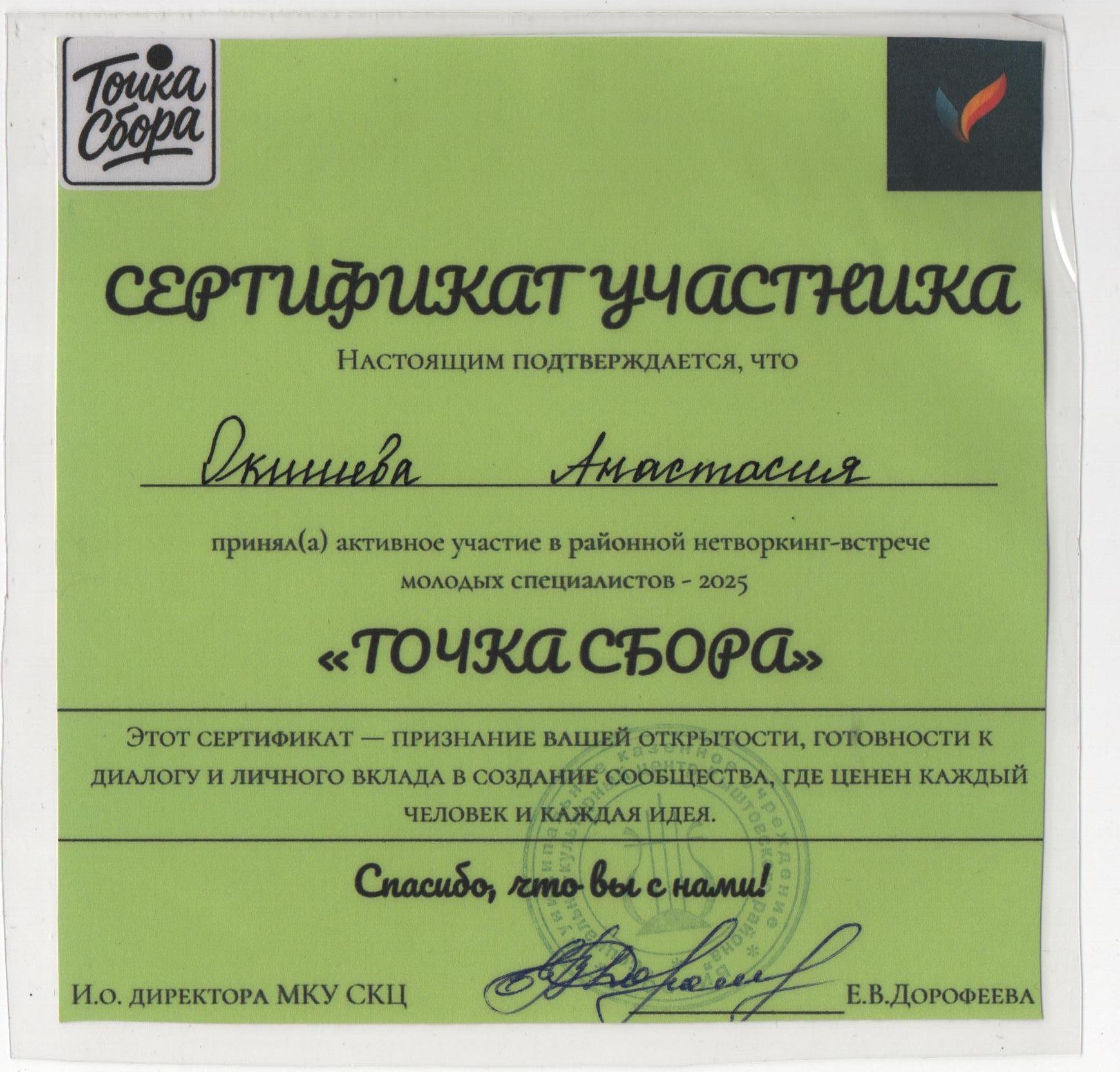 Сертификат Районный нетворкинг-встречи молодых специалистов
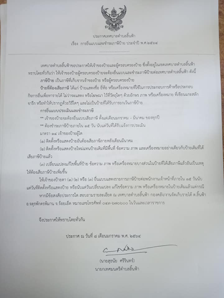 ประชาสัมพันธ์ การยื่นแบบและชำระภาษีป้ายประจำปี 2564
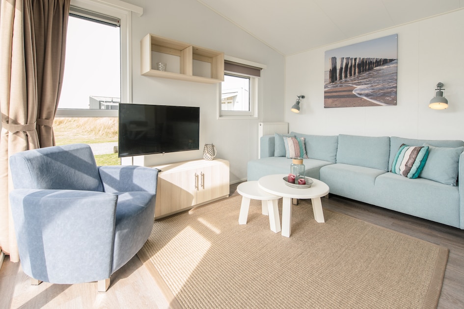 Vrijstaande, gelijkvloerse lodge voor 4 personen. De woonkamer is sfeervol ingericht met een modern interieur. De keuken heeft een vaatwasser, combimagnetron, koelkast met intern vriesvak en koffiepadapparaat. Daarnaast beschikt de lodge over 2 slaapkamers met eenpersoons boxspringbedden, 2 badkamers met douche en een apart toilet. Ook is de lodge uitgerust met een tuin met meubilair en kun je gratis gebruikmaken van wifi.
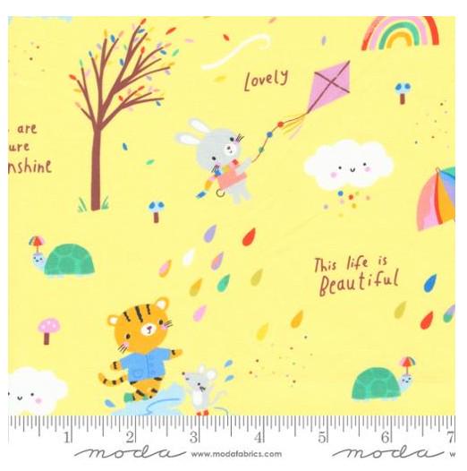 The Yellow Print show what life is like outside and says Life is Beautiful, You are Pure Sunshine and more LOVELY sayings on this darling children's print. Print shows super cute animals playing in the weather. The bunny is flying a kite in the wind, the tiger is enjoying the sun in his sunglasses, The mouse and tiger are jumping in puddles, Some are enjoying the rainbow colored raindrops, and the darling little turtle has his own tiny umbrella. The bunny flying the kite measures 1.5" tall. The cloud next to him measures 1.25" wide. Background is Lemon Yellow.
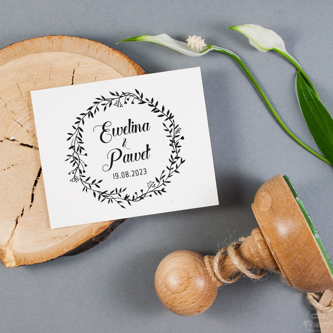Personalizowana okrągła pieczątka ślubna z grafiką wianka. Stempel ślubny spersonalizowany imionami Nowożeńców i datą uroczystości ślubnej. Pieczęć do oznaczania kopert, zaproszeń i innej papeterii ślubno-weselnej. Drewniany stempel retro może być również unikalną pamiątką ślubu dla Pary Młodej.
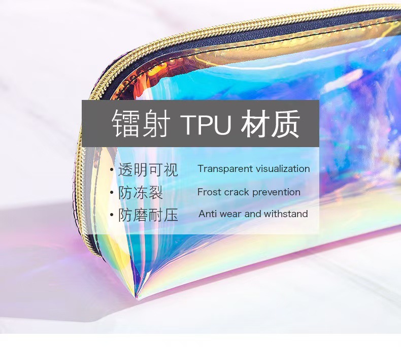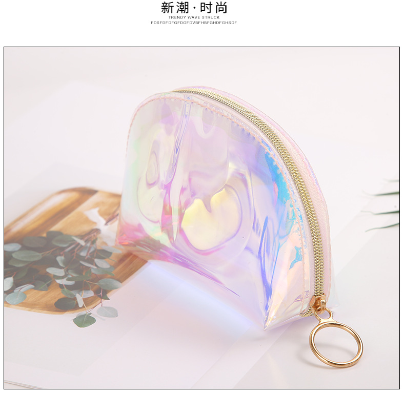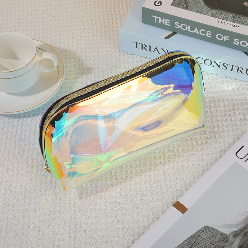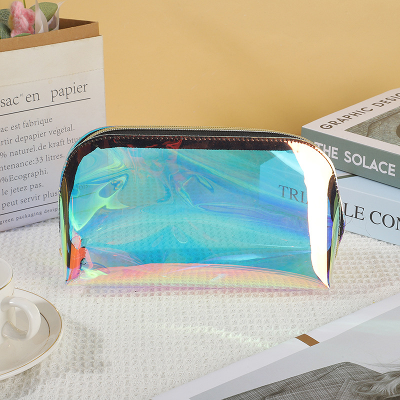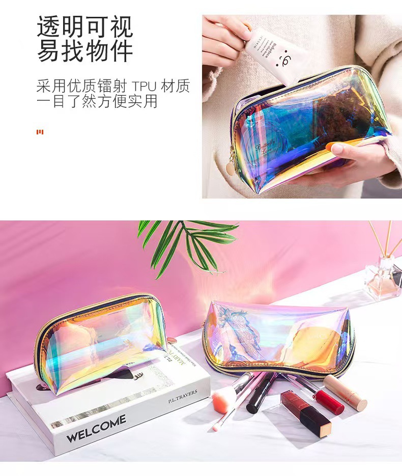 TPU 다채로운 레이저 화장품 가방 스킨 케어 보관 가방 방수 경량 여행 세척 가방 클러치 재고 가방스토어 가기
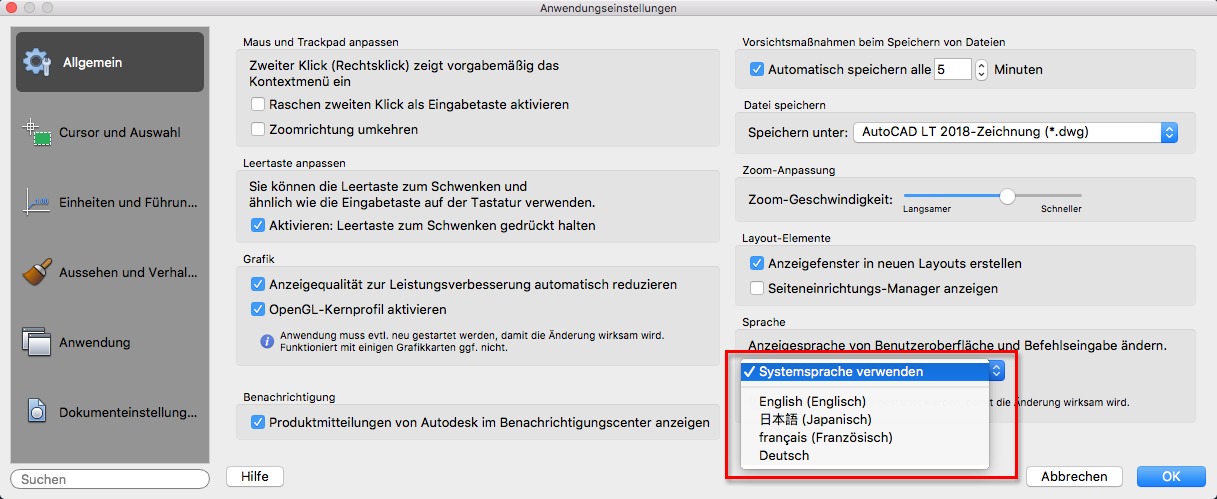 AutoCAD LT for Mac unterstützt jetzt Deutsch und Japanisch. Sie können die Sprache im Dialogfeld Anwendungseinstellungen ändern. Starten Sie AutoCAD LT for Mac neu, damit die Sprache geändert wird.
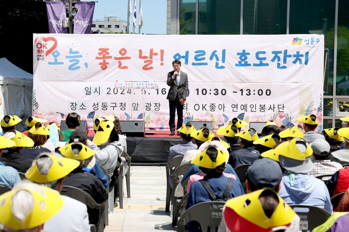 [시민일보 = 변은선 기자] 서울 성동구(구청장 정원오)는 최근 구청 앞 광장에서 OK좋아 연예인 봉사단과 함께하는 ‘오늘, 좋은 날! 어르신 효도잔치’ 행사가 열렸다고 밝혔다.
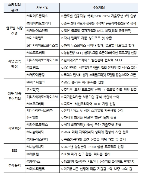 ㈜미스터밀크는 자체 개발한 젤라또 제품을 동남아시아 시장에 첫 수출하며 식품 제조업계의 글로벌 진입 가능성을 입증했고, 페리지에어로스페이스㈜는 미국 워싱턴 D.C.에서 열린 한-미 뉴스페이스 세미나에 참가해 미국 우주산업 관계자들과의 교류를 통해 글로벌 네트워크를 확대했다.
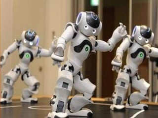 El documento describe el desarrollo histórico de los robots, incluyendo los primeros robots humanoides programables creados por Al Jasaría en 1206, juguetes mecánicos complejos creados por el artesano japonés Hisasige Tanaca en el siglo XIX, y los primeros intentos de crear robots con ruedas y múltiples patas que imitaban insectos. También discute robots humanoides comercializados por Honda y Sony a partir de 2002.
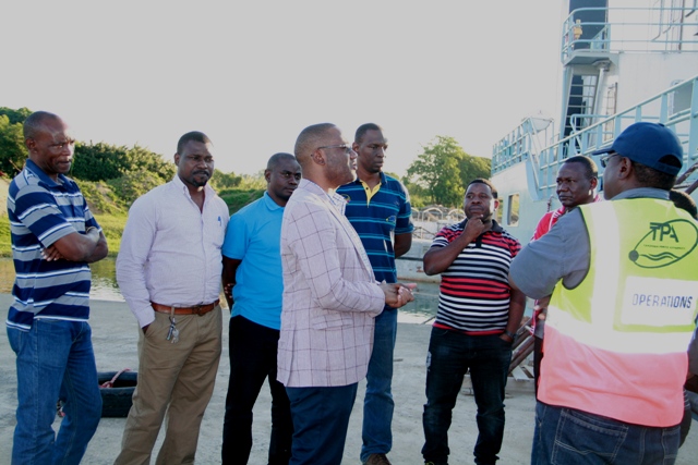 Meneja wa Bandari (TPA) Kanda ya ziwa Nyasa Bw. Abeid Galus akizungumza na mabaharia wa meli ya MV Ruvuma.
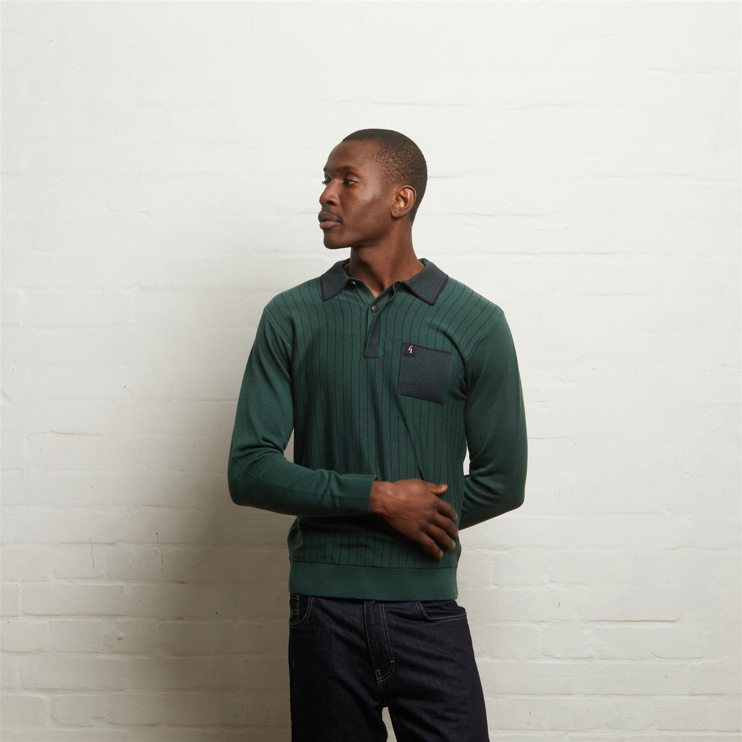 Featuring Mens Hamley Long Sleeve Knitted Three Button Polo Gabicci Vintage Ivy

^^^^^^^^^^^^^^^^

• _The task_
The reply should repeat the data in full, exactly as given, and contain no pictures.

• _Written solution_
 Сертификат Районный нетворкинг-встречи молодых специалистов
 ประชาสัมพันธ์ การยื่นแบบและชำระภาษีป้ายประจำปี 2564
 Vrijstaande, gelijkvloerse lodge voor 4 personen. De woonkamer is sfeervol ingericht met een modern interieur. De keuken heeft een vaatwasser, combimagnetron, koelkast met intern vriesvak en koffiepadapparaat. Daarnaast beschikt de lodge over 2 slaapkamers met eenpersoons boxspringbedden, 2 badkamers met douche en een apart toilet. Ook is de lodge uitgerust met een tuin met meubilair en kun je gratis gebruikmaken van wifi.
 The Yellow Print show what life is like outside and says Life is Beautiful, You are Pure Sunshine and more LOVELY sayings on this darling children's print. Print shows super cute animals playing in the weather. The bunny is flying a kite in the wind, the tiger is enjoying the sun in his sunglasses, The mouse and tiger are jumping in puddles, Some are enjoying the rainbow colored raindrops, and the darling little turtle has his own tiny umbrella. The bunny flying the kite measures 1.5" tall. The cloud next to him measures 1.25" wide. Background is Lemon Yellow.
Personalizowana okrągła pieczątka ślubna z grafiką wianka. Stempel ślubny spersonalizowany imionami Nowożeńców i datą uroczystości ślubnej. Pieczęć do oznaczania kopert, zaproszeń i innej papeterii ślubno-weselnej. Drewniany stempel retro może być również unikalną pamiątką ślubu dla Pary Młodej.
 TPU 다채로운 레이저 화장품 가방 스킨 케어 보관 가방 방수 경량 여행 세척 가방 클러치 재고 가방스토어 가기
 AutoCAD LT for Mac unterstützt jetzt Deutsch und Japanisch. Sie können die Sprache im Dialogfeld Anwendungseinstellungen ändern. Starten Sie AutoCAD LT for Mac neu, damit die Sprache geändert wird.
 [시민일보 = 변은선 기자] 서울 성동구(구청장 정원오)는 최근 구청 앞 광장에서 OK좋아 연예인 봉사단과 함께하는 ‘오늘, 좋은 날! 어르신 효도잔치’ 행사가 열렸다고 밝혔다.
 ㈜미스터밀크는 자체 개발한 젤라또 제품을 동남아시아 시장에 첫 수출하며 식품 제조업계의 글로벌 진입 가능성을 입증했고, 페리지에어로스페이스㈜는 미국 워싱턴 D.C.에서 열린 한-미 뉴스페이스 세미나에 참가해 미국 우주산업 관계자들과의 교류를 통해 글로벌 네트워크를 확대했다.
 El documento describe el desarrollo histórico de los robots, incluyendo los primeros robots humanoides programables creados por Al Jasaría en 1206, juguetes mecánicos complejos creados por el artesano japonés Hisasige Tanaca en el siglo XIX, y los primeros intentos de crear robots con ruedas y múltiples patas que imitaban insectos. También discute robots humanoides comercializados por Honda y Sony a partir de 2002.
 Meneja wa Bandari (TPA) Kanda ya ziwa Nyasa Bw. Abeid Galus akizungumza na mabaharia wa meli ya MV Ruvuma.
 Featuring Mens Hamley Long Sleeve Knitted Three Button Polo Gabicci Vintage Ivy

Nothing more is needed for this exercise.